=== Section Start ===

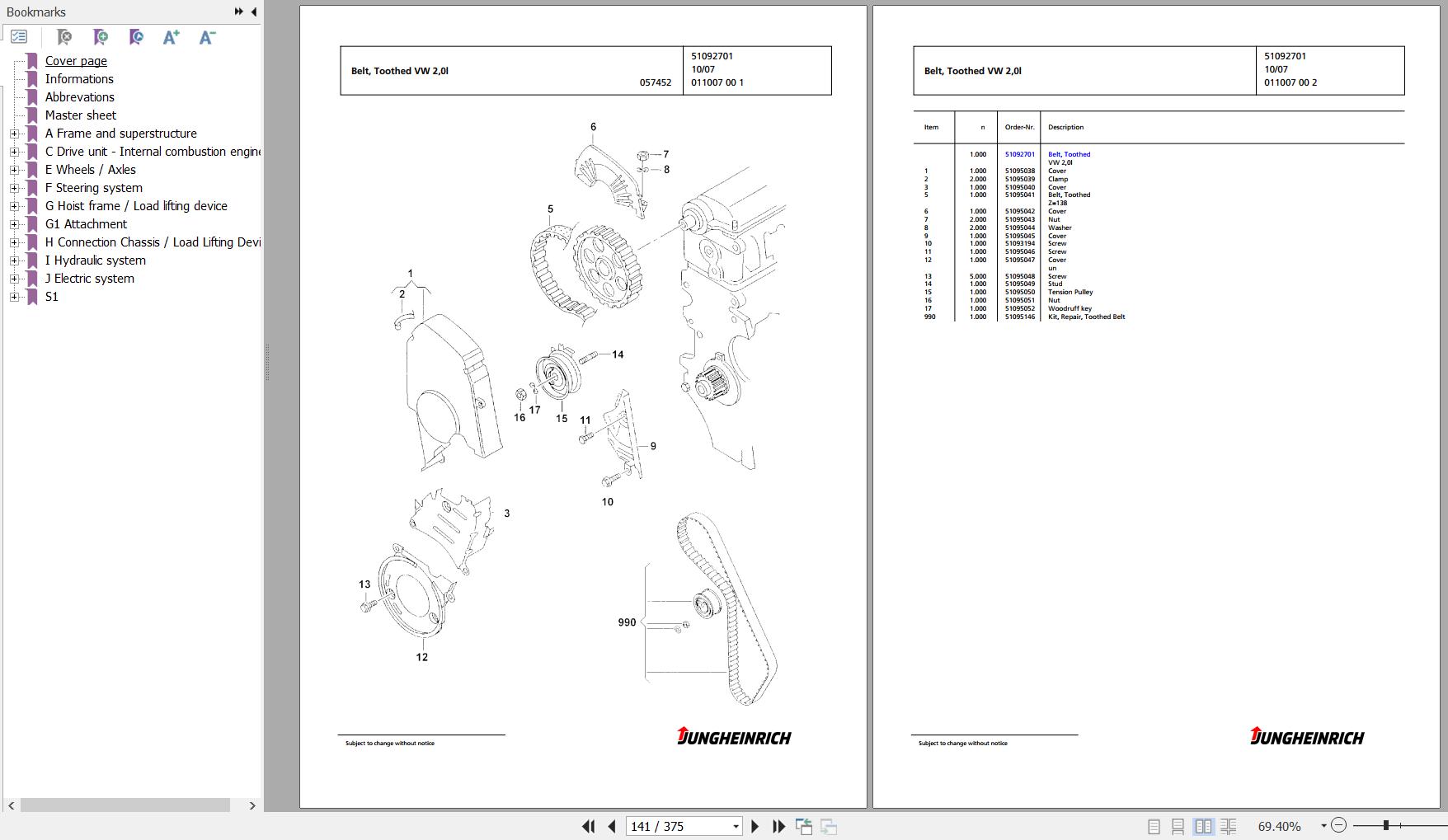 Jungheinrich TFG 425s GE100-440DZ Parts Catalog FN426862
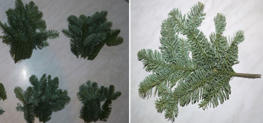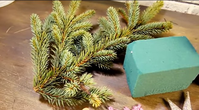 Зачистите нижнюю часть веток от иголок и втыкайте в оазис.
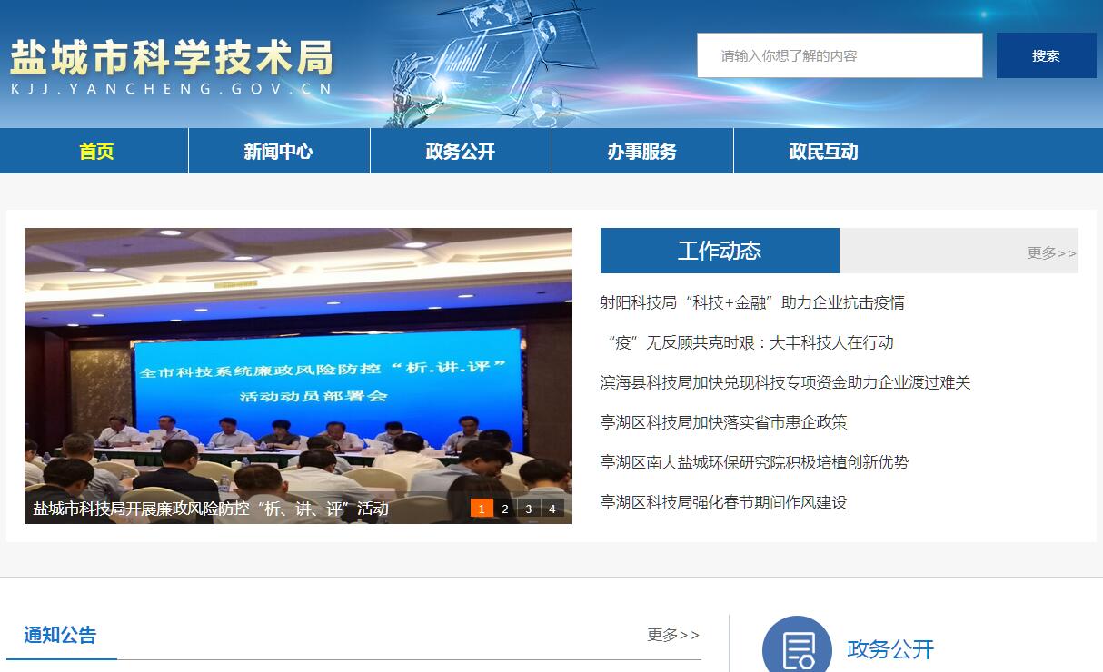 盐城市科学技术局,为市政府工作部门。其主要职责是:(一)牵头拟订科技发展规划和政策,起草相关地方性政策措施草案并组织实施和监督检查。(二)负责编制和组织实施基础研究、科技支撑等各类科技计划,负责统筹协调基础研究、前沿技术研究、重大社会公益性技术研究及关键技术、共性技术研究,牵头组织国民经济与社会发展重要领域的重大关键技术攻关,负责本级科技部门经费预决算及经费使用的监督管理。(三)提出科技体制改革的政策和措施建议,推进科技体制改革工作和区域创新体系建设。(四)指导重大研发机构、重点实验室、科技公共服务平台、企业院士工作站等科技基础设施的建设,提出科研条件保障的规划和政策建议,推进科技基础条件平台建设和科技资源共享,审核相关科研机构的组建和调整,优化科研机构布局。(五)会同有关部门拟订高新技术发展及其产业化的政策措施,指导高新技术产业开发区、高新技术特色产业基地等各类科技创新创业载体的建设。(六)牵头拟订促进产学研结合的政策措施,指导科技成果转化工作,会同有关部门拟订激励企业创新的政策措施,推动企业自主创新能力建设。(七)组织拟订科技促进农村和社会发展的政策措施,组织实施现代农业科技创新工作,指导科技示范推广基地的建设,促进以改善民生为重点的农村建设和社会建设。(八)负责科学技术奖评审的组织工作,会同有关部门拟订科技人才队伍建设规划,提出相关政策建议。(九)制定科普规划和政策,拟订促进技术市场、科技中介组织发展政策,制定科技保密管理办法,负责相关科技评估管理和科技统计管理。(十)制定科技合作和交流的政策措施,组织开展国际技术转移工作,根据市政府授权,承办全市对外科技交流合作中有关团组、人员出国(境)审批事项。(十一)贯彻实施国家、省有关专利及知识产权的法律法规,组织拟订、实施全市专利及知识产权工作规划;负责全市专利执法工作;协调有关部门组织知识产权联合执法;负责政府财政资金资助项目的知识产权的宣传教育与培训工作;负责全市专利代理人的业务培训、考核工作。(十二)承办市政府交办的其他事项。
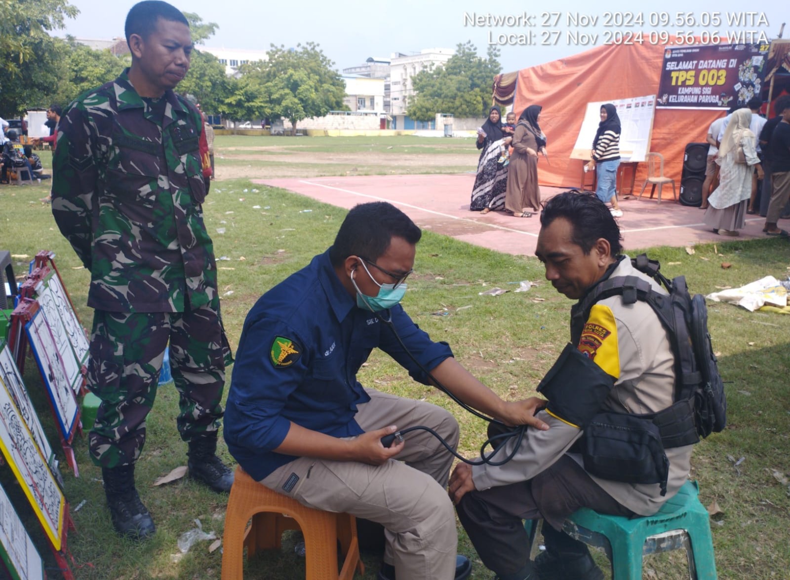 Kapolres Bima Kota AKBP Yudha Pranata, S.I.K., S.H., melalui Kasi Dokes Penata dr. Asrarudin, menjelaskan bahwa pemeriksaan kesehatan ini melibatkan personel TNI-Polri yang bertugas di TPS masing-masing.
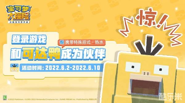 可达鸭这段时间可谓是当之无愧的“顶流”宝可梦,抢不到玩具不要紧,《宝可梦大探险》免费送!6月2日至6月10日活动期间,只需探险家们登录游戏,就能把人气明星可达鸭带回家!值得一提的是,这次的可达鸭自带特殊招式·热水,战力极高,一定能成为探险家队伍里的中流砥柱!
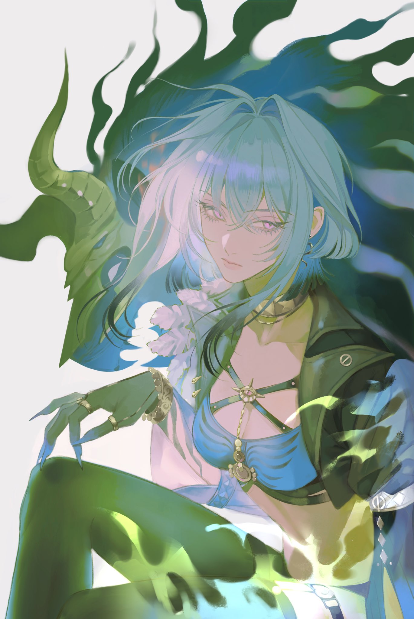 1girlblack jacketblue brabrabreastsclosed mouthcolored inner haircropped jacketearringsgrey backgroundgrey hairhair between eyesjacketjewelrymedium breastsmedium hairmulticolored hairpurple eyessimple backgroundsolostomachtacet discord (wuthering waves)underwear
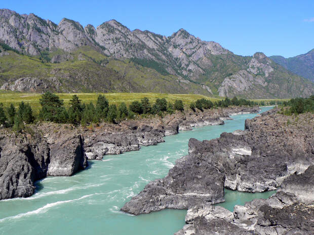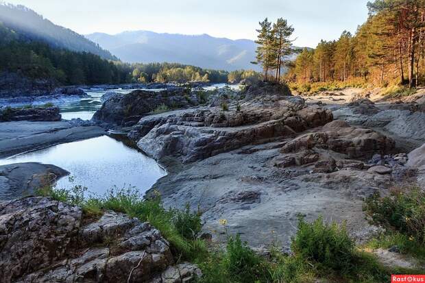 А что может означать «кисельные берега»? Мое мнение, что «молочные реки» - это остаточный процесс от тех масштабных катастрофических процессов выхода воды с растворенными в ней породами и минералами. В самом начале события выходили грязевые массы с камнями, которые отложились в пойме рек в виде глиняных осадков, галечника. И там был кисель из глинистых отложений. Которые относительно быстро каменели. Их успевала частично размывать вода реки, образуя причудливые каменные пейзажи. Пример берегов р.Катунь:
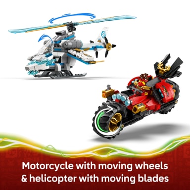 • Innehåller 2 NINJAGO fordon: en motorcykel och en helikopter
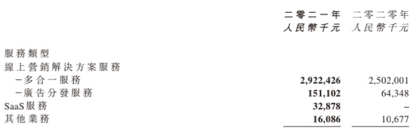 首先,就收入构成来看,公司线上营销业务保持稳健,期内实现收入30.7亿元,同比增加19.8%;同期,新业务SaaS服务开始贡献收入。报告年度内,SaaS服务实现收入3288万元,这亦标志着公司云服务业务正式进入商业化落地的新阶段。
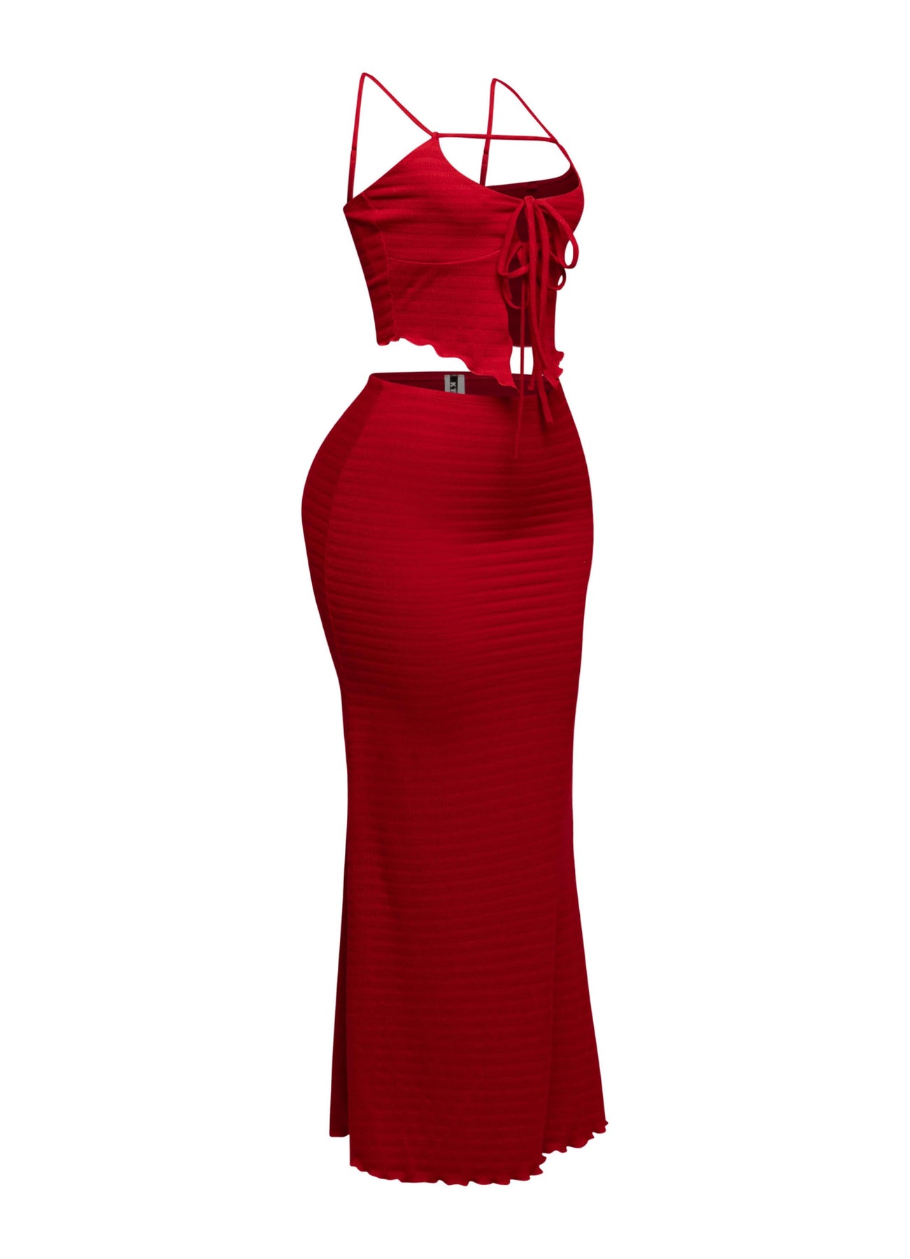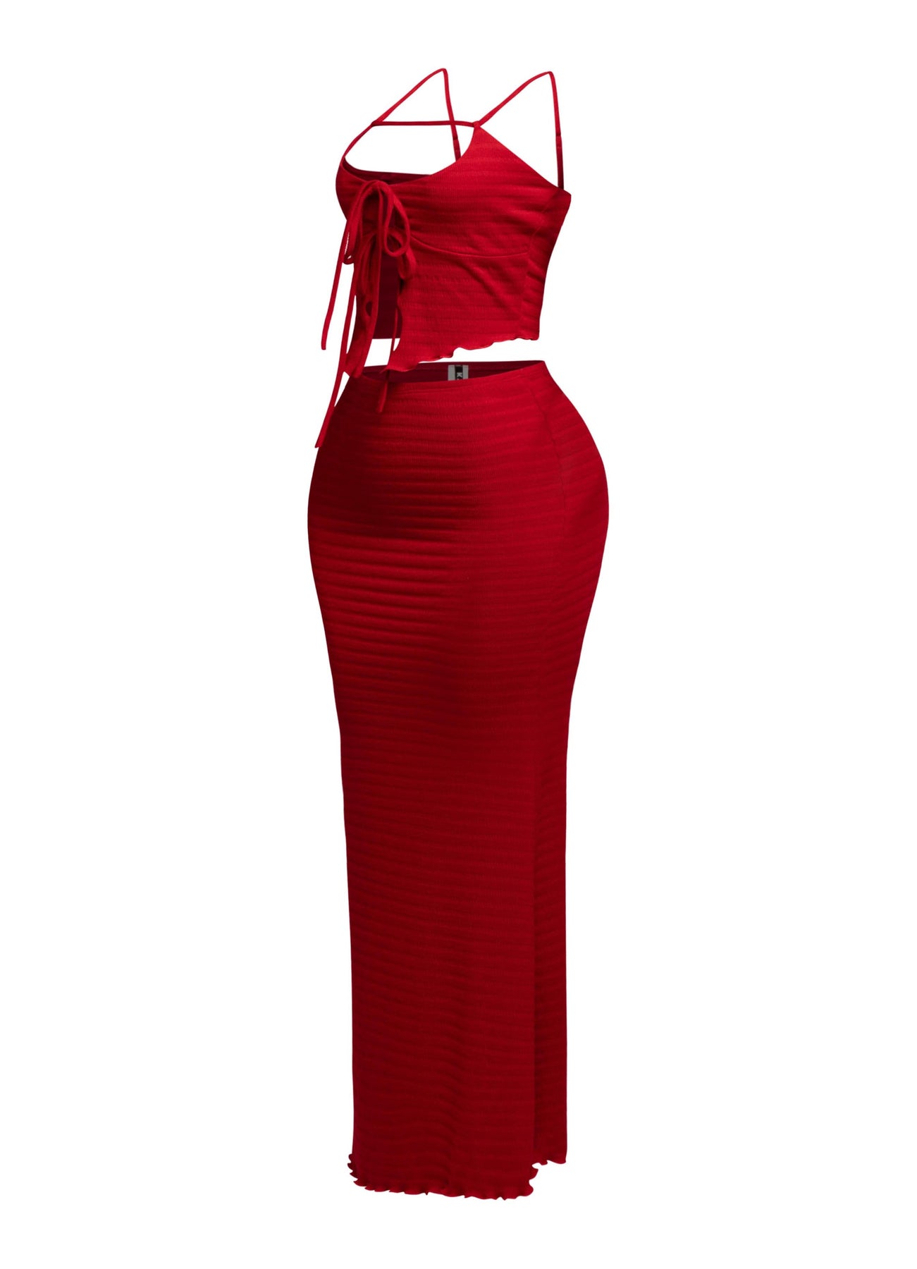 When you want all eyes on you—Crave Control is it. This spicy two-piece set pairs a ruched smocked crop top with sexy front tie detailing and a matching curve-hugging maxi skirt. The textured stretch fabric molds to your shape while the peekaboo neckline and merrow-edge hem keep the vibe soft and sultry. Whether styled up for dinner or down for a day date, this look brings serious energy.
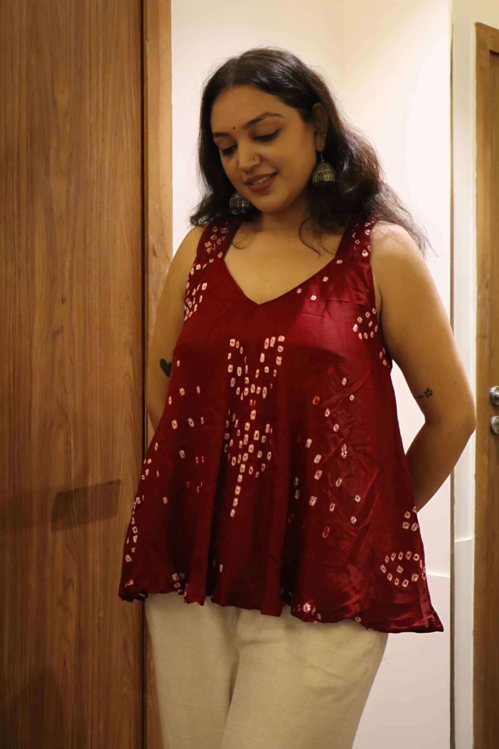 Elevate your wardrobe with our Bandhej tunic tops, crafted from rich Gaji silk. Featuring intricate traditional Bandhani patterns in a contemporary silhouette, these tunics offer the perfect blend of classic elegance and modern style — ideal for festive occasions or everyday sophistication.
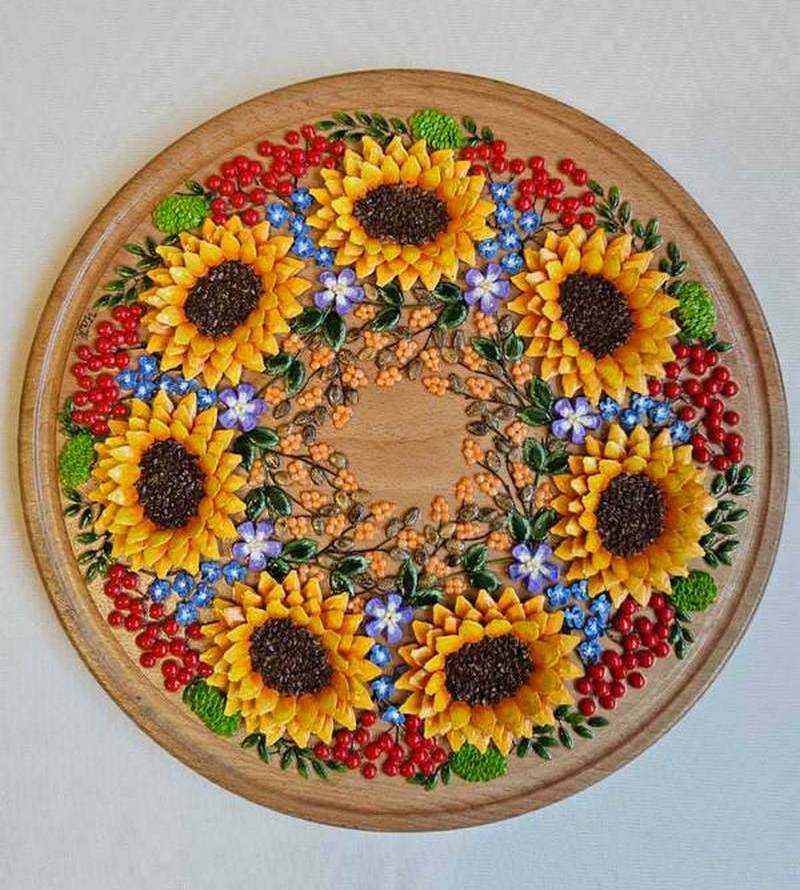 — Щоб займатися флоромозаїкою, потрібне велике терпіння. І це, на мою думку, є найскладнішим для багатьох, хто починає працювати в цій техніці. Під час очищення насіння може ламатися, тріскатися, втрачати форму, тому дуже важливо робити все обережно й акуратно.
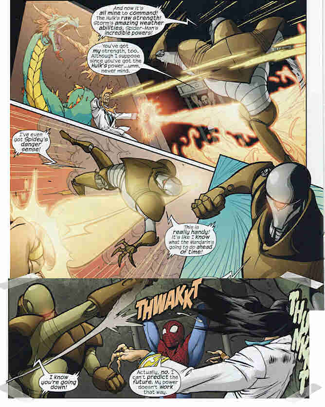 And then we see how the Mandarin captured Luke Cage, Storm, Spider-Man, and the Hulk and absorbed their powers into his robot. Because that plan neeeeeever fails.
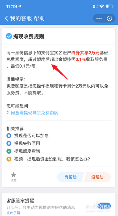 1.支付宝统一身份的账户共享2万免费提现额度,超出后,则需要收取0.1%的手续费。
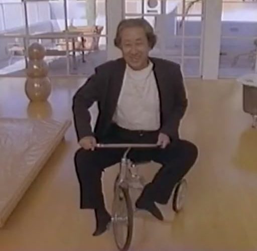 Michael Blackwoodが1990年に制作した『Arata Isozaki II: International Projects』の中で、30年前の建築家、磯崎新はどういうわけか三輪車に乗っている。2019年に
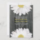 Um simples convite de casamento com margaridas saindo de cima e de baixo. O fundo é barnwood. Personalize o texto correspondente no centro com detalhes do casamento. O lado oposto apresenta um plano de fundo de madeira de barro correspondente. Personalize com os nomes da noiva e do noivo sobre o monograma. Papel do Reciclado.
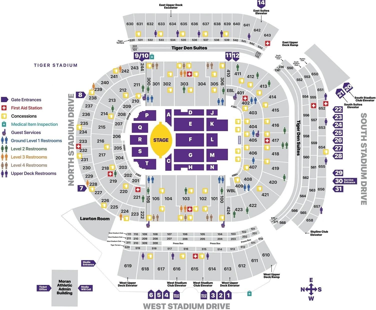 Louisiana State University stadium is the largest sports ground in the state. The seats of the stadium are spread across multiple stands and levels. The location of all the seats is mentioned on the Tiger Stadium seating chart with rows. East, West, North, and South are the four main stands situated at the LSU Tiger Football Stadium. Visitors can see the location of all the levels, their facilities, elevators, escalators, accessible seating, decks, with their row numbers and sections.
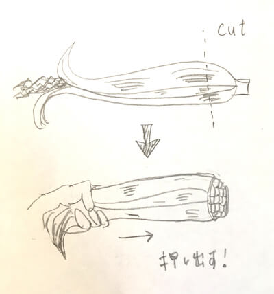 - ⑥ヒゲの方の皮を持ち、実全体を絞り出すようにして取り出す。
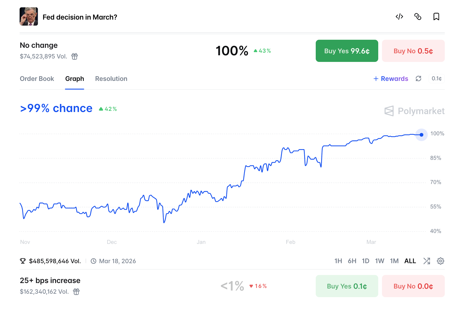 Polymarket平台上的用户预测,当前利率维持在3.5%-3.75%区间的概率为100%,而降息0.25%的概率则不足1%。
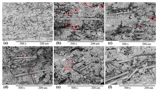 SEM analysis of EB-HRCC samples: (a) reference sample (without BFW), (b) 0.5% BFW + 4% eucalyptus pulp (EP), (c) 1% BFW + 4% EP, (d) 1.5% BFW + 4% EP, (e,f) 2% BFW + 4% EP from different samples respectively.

=== Section End ===

** Problem details **
Starting at the line that contains "1.支付宝统一身份的账户共享" and ending at the line that contains "Um simples convite", transcribe the material above exactly, excluding pictures.

** Exercise result **
 1.支付宝统一身份的账户共享2万免费提现额度,超出后,则需要收取0.1%的手续费。
 Michael Blackwoodが1990年に制作した『Arata Isozaki II: International Projects』の中で、30年前の建築家、磯崎新はどういうわけか三輪車に乗っている。2019年に
 Um simples convite de casamento com margaridas saindo de cima e de baixo. O fundo é barnwood. Personalize o texto correspondente no centro com detalhes do casamento. O lado oposto apresenta um plano de fundo de madeira de barro correspondente. Personalize com os nomes da noiva e do noivo sobre o monograma. Papel do Reciclado.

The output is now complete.